Class Boundaries are the data values that separate classes. These are not part of the classes or the data set. The class boundary is the middle point of the upper-class limit of one class and the lower class limit of the subsequent class. Each class has an upper and a lower class boundary. Find the definition of the class boundaries or actual class limits and example questions in the below-mentioned sections.

## What is Class Boundary?

If we have different classes of data, then it has an upper-class limit and lower class limit which means the smaller and larger values. A class boundary is the midpoint of the upper-class limit of one class and the lower class limit of the subsequent class.

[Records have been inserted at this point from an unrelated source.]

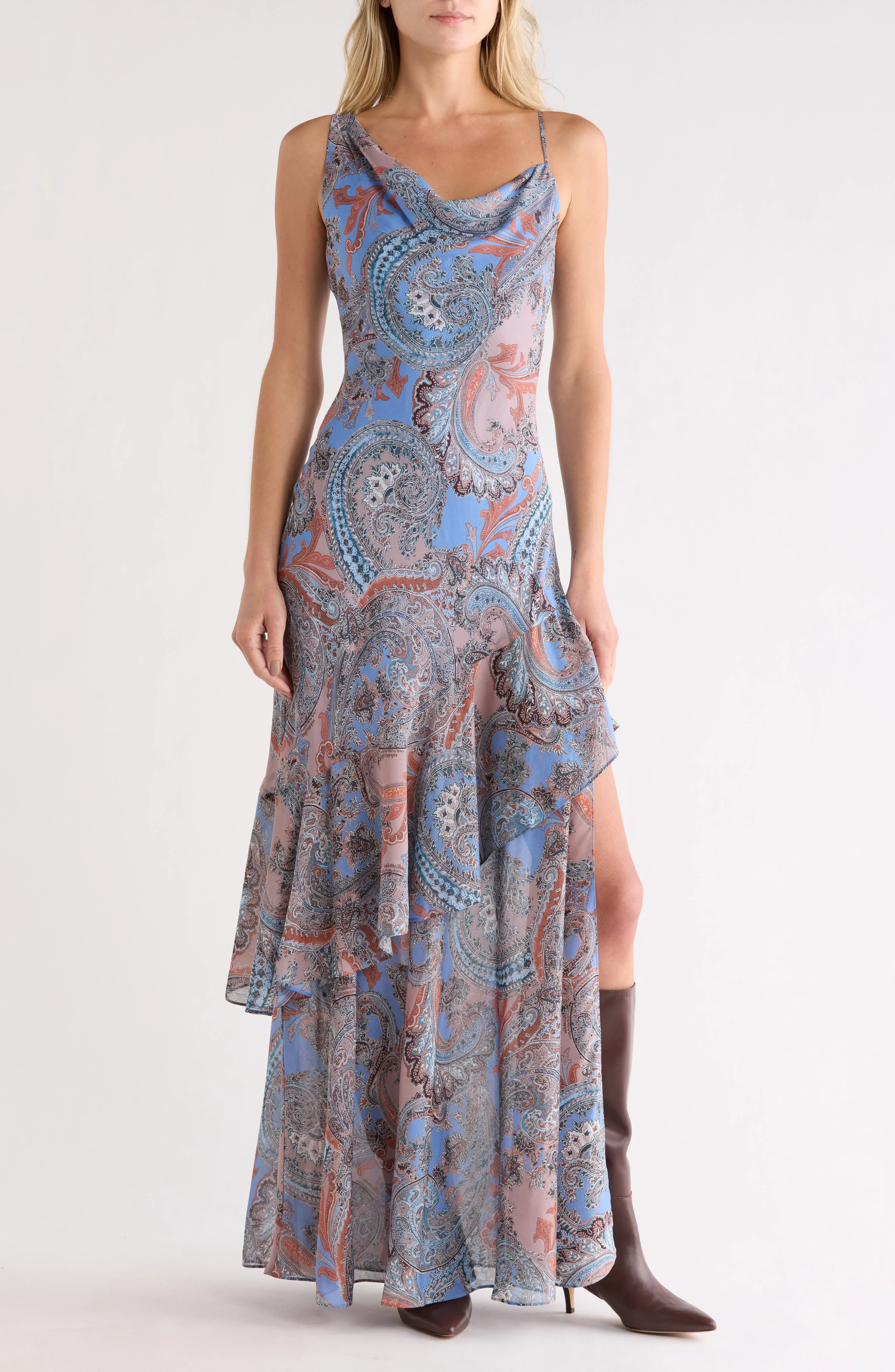 Pretty paisleys add artful elegance as they wind with the flow of this draped gown cut from luxe silk. Cowl neck Adjustable straps Side slit Lined 100% silk Dry clean Imported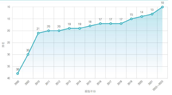 图为近年来中国国家创新指数世界排名变化。(中国科学技术发展战略研究院供图)结果显示,2023年,中国国家创新指数综合排名世界第10位,较上期提升3位,是唯一进入前15位的发展中国家。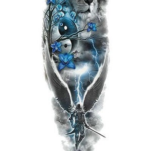 Löwe Yin Yang Blumen Baum Krieger mit Flügeln Temporäre Ärmel Tattoos - Etsy.de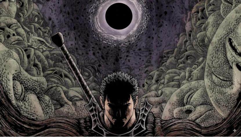 下面这个案例会更复杂些。非常考验模型的上色能力和对特定艺术风格的理解。不仅仅是填色,好的AI上色需要理解,漫画作者三浦建太郎原画中的光影、材质和氛围,用色彩来增强而非破坏原作的厚重感和力量感。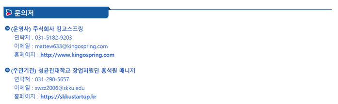 더 자세한 내용은 'K-Startup' 홈페이지에서 확인할 수 있으며 유관 문의처는 다음과 같다.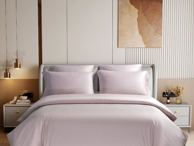 Новая серия из хлопкового жаккарда выполнена из прочной ткани с благородным блеском в розово-бежевом цвете. Лаконичный рисунок ткани будет уместно смотреться как в классическом интерьере, так и в минимализме.

Lower class boundary = (lower class limit of the concerned class + upper-class limit of the previous class)/2

Upper class boundary = (upper-class limit of the concerned class + lower class limit of the subsequent class)/2

For the nonoverlapping class intervals,

The actual lower limit = lower limit – ½ x gap

The actual upper limit = upper limit + ½ x gap

### Class Limit

The class limit can be defined as the minimum and maximum values contain in a class interval.

The minimum value is called the lower class limit and the maximum value is called the upper-class limit.

### Solved Examples on True Class Limits

**Example 1:**

Class | Frequency |
---|---|

0 – 9 | 2 |

10 – 19 | 5 |

20 – 29 | 7 |

Find the lower, upper class boundaries?

**Solution:**

The class boundary of 0 – 9 is

Upper class boundary = (upper-class limit of the concerned class + lower class limit of the subsequent class)/2

= \(\frac { (9 + 10) }{ 2 } \)

= \(\frac { 19 }{ 2 } \)

Lower class boundary = (lower class limit of the concerned class + upper class limit of the previous class)/2

= \(\frac { (0 + 0) }{ 2 } \)

= 0

The class boundary of 10 – 19 is

Upper class boundary = \(\frac { (19 + 20) }{ 2 } \)

= \(\frac { 39 }{ 2 } \)

Lower Class boundary = \(\frac { (10 + 9) }{ 2 } \)

= \(\frac { 19 }{ 2 } \)

**Example 2:**

If the class marks of two consecutive overlapping intervals of equal size in distribution are 94 and 104 then find the corresponding intervals.

**Solution:**

The difference between 104 and 94 = 104 – 94 = 10

Therefore, the class intervals are (94 – \(\frac { 10 }{ 2 } \)) – (94 + \(\frac { 10 }{ 2 } \)) and (104 – \(\frac { 10 }{ 2 } \)) – (104 + \(\frac { 10 }{ 2 } \))

= (94 – 5) – (94 + 5) and (104 – 5) and (104 + 5)

= 89 – 99 and 99 – 109.

**Example 3:**

Weight in Kg (Class Interval) | Frequency |
---|---|

44-48 | 3 |

49-53 | 4 |

54-58 | 5 |

59-63 | 7 |

64-68 | 9 |

69-73 | 8 |

Find the upper, lower class boundaries?

**Solution:**

Lower Class Boundary of the first class interval = 44 – \(\frac { (49 – 48) }{ 2 } \)

= 44 – \(\frac { 1 }{ 2 } \)

= 44 – 0.5

= 43.5

Upper Class Boundary = 48 + \(\frac { (49 – 48) }{ 2 } \)

= 48 + \(\frac { 1 }{ 2 } \)

= 48 + 0.5

= 48.5.

### FAQs on Class Boundaries

**1. What is a Class Boundary?**

A class boundary is the midpoint of the upper-class limit of one class and the lower class limit of the subsequent class.

**2. What is the difference between class limits and class boundaries?**

In the case of the class limit, the upper extreme value of the first class interval and the lower extreme value of the next class interval are not equal. However, in the class boundary, the upper extreme value of the first class interval and the lower extreme value of the next class interval are equal.

**3. How to find Class Boundaries?**

Follow the below-listed steps to calculate the Class Boundaries easily. They are along the lines

- Subtract the upper class limit for the first class from the lower class limit for the second class.
- Divide the result by two.
- Subtract the result from the lower class limit and add the result to the upper class limit for each class.